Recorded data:
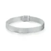 Silver Cuff Bracelet Womens.Add an element of classic old holly wood glamour to your outfit with this simple and elegant silver cuff bracelet. Crafted with an interwoven design and high-polish sterling silver this delicate bracelet is the sort of accessory that can match in with every outfit for every different occasion. Pair with a set of simple studs for an elegant look or with a set of multi-coloured rings to make a statement.
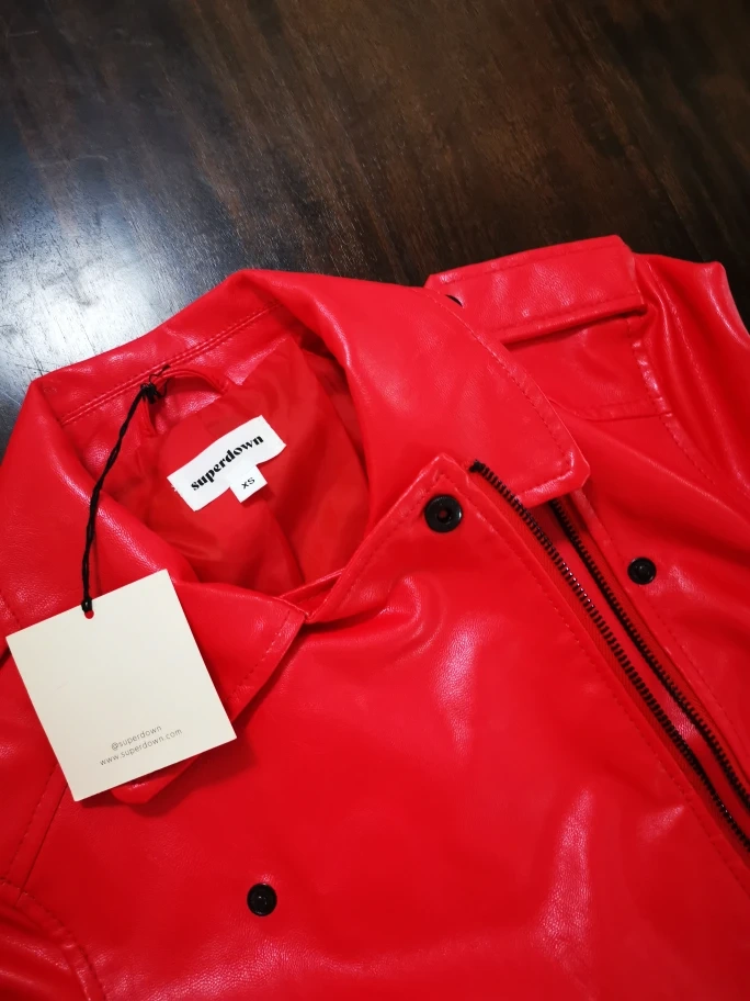 Superdown Red Faux Leather Jacket: Size XS
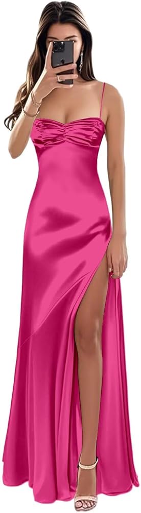 Spaghetti Straps Satin Prom Dresses 2026 for Women, Pleated Backless Prom Dress Long with Bow, Mermaid Satin Prom Party Gown Long for Teens, Elegant Pleated Bow Bridesmaid Dress for Wedding
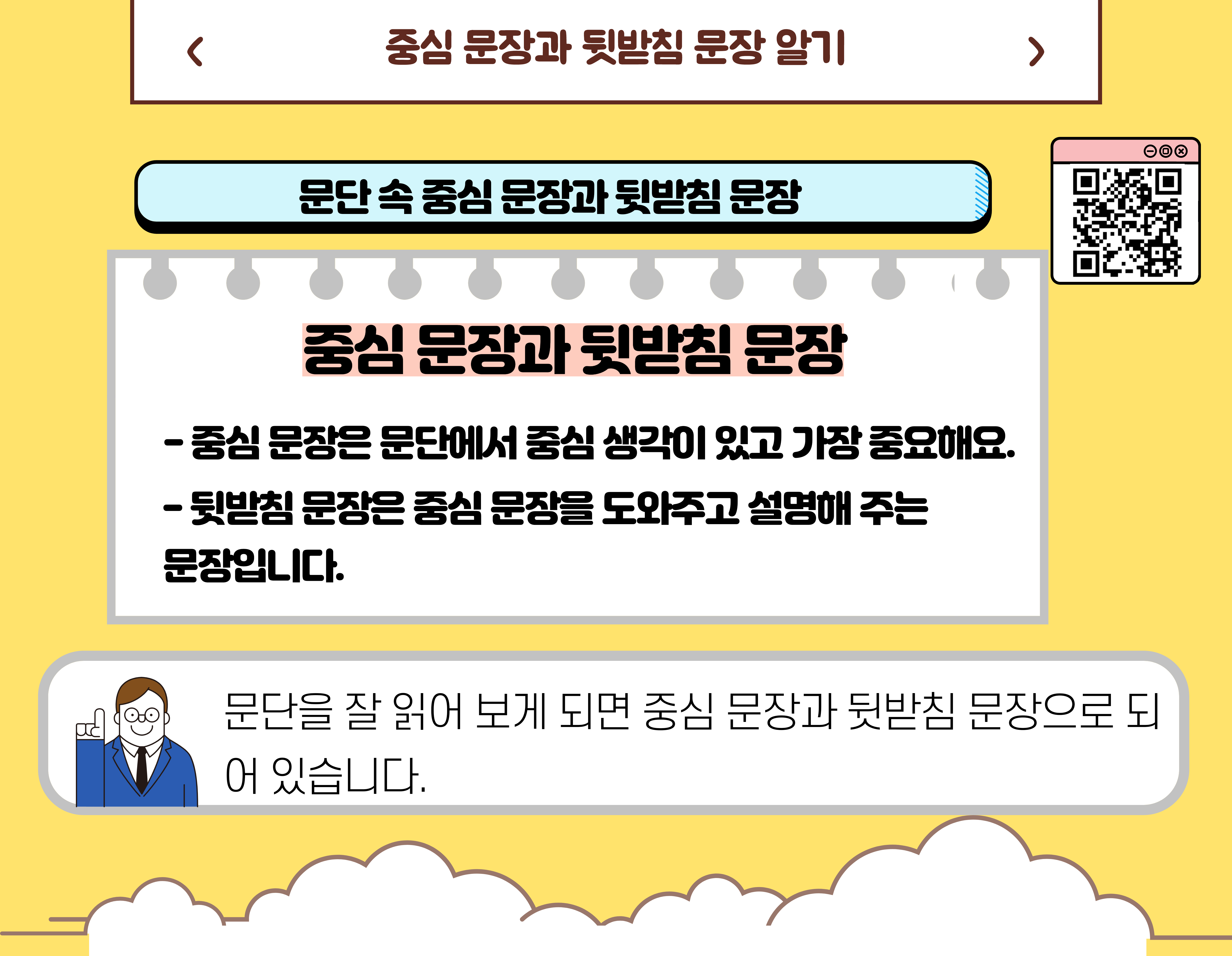 중심 문장과 뒷받침 문장에 대한 학습영상은 아래에 있습니다.
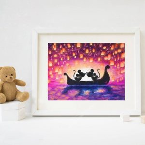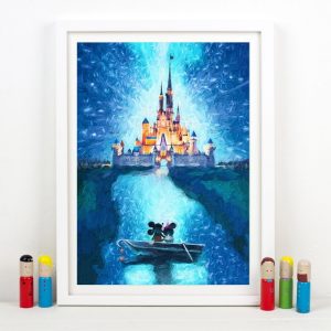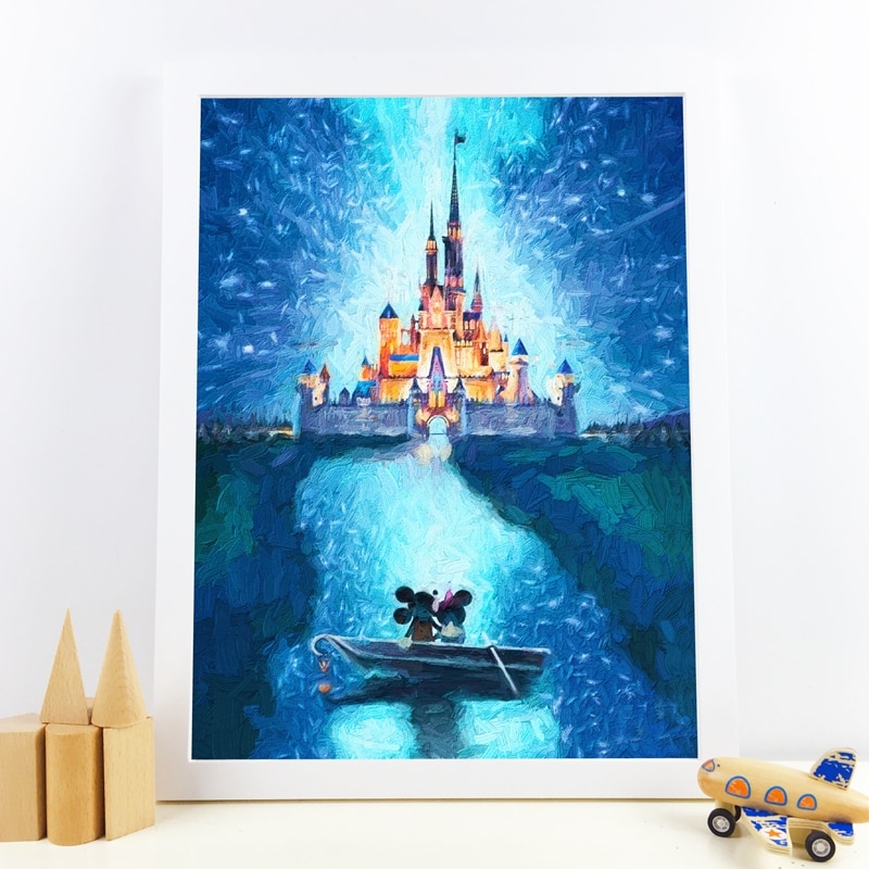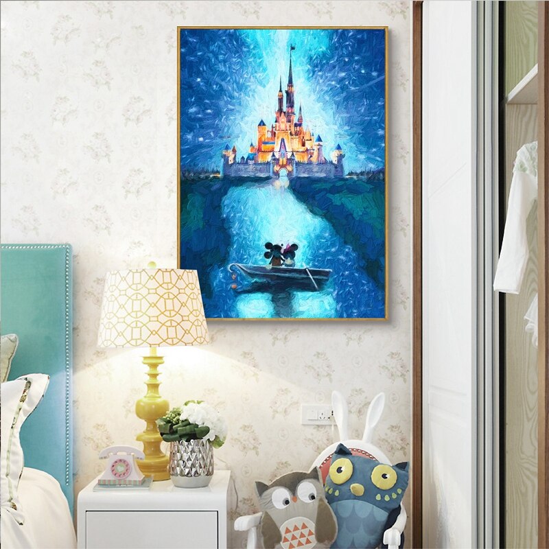 Lovely Poster Mouse Oil Painting Castle Print Romantic Love Canvas Painting Picture Cartoon Nursery Wall Art Decor
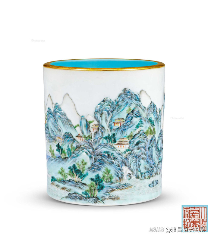 清嘉庆 浮雕洋彩描金庐山图笔筒
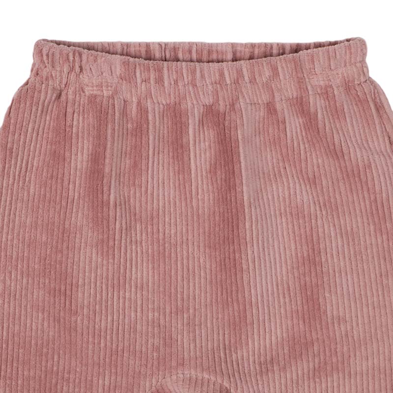 ニットコールの生地を使用したパンツです。 ふっくらとしたシルエットにこだわり、元気なお子さんでも窮屈さを感じさせません。 ウエスト部分がよく伸びる仕様にしております。 着回しもしやすく毎日でも着たくなる1着です。
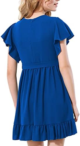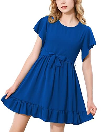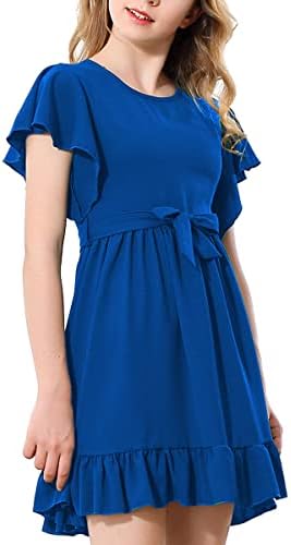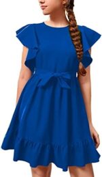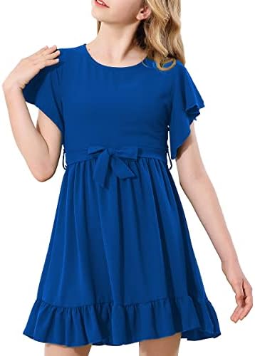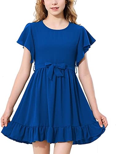RETSUGO Girl Spring Summer Dresses Butterfly Sleeve Cotton A Line Ruffles School Dress for 6-14 Years Kids
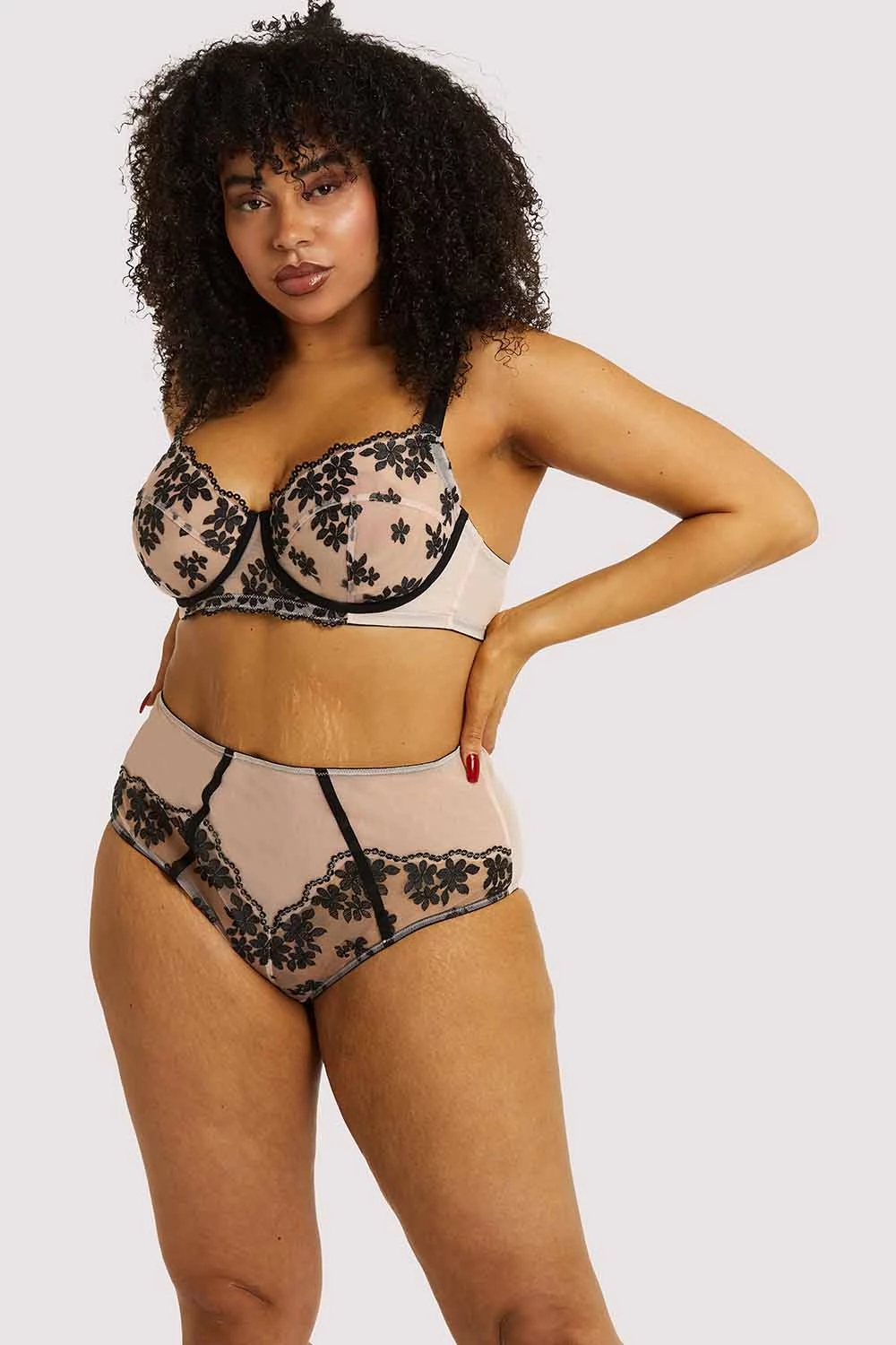 The Evie Bra has been designed to take pretty underwear to a whole new level! With stunning floral embroidered lace placed over sheer mesh fabric showing you a little of what’s beneath. Complete the look with the matching brief and suspender belt.

**Instructions to follow**
Leave out the pictures, and please output only the lines from the line that contains "RETSUGO Girl Spring" through the end of the data, both ends included.

**Solution for this exercise**
RETSUGO Girl Spring Summer Dresses Butterfly Sleeve Cotton A Line Ruffles School Dress for 6-14 Years Kids
 The Evie Bra has been designed to take pretty underwear to a whole new level! With stunning floral embroidered lace placed over sheer mesh fabric showing you a little of what’s beneath. Complete the look with the matching brief and suspender belt.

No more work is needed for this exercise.